HATCH (Birds on a Wire Dance Theatre): Fringe review
Photo credit: Plate 3 Photography

An exciting new company with a promising future, Birds on a Wire Dance Theatre presents a mini-festival of six short world-premiere performances in HATCH. Led by Artistic Director Melissa Rodis, and featuring over thirty emerging dancers, choreographers, and designers, the talented collective (one male, the rest female; some company members, others outside collaborators) explores the lives and concerns of its own Millennial Generation through the latest trends in contemporary dance.

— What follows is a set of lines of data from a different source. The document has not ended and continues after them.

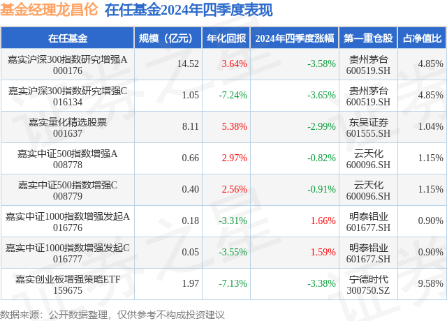 嘉实中证500指数增强A现任基金经理为龙昌伦。其中在任基金经理龙昌伦已从业7年又218天,2020年1月20日正式接手管理嘉实中证500指数增强A,任职期间累计回报为15.91%。目前还管理着8只基金产品(包括A类和C类),其中本季度表现最佳的基金为嘉实中证1000指数增强发起A(016776),季度净值涨幅为1.66%。
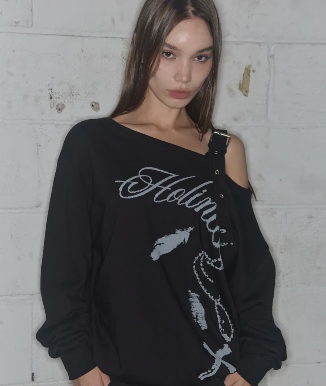 일리고 129 버클 오프숄더 맨투맨 블랙
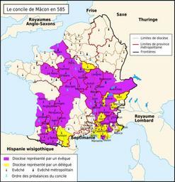 | Keywords: Le concile de Mâcon en 585.svg fr Le concile de Mâcon en 585 Travail personnel sur un fond de carte hydrographique de historicair D'après Michel Rouche Des Wisigoths aux Arabes l'Aquitaine 418-781 naissance d'une région École des Hautes Études en Sciences Sociales Jean Touzot 1979 p 81 et Bruno Dumézil La reine Brunehaut éditions Fayard 2008 p 536 Romain0 2010-02-27 Maps of Gauls Maps of the Frankish territory SVG maps showing history in French | ||||

The conceptual mood pieces—part autobiographical, part imagined, all well conceived and beautifully danced—run the gamut of human emotions, capturing the bravado and happiness, the fears and anxieties, of a cross-section of young women in their twenties. Among the most poignant and ethereal of the works, “lost&Found” takes its inspiration from the writings of Anaïs Nin and Greek mythology. Choreographed by Jenna Frome (of WanderLustCollective) and performed with grace and commitment by Nicolle Barrett, Alisa Marie Renk, and Becca Weber, their personifications of isolation/depression, friendship/searching, and empowerment/positivity employ a luminous hoop and shiny silver bands to contrast an enlightened, affirmative attitude with a self-defeating dark state of mind. Rodis’s “Falling” (Public Spaces and Private Thoughts) is perhaps the most experimental and innovative of the six shorts, inserting spoken word into her dramatic piece for five dancers. Each work is accompanied by an evocative soundtrack and lighting (designed by Leigh A. Mumford) that enhance the expressiveness of the movement; collectively they convey the spirit of how it feels to be a woman facing the joys and challenges of adulthood. [The Performance Garage], September 20-21, 2013,  fringearts.ticketleap.com/hatch.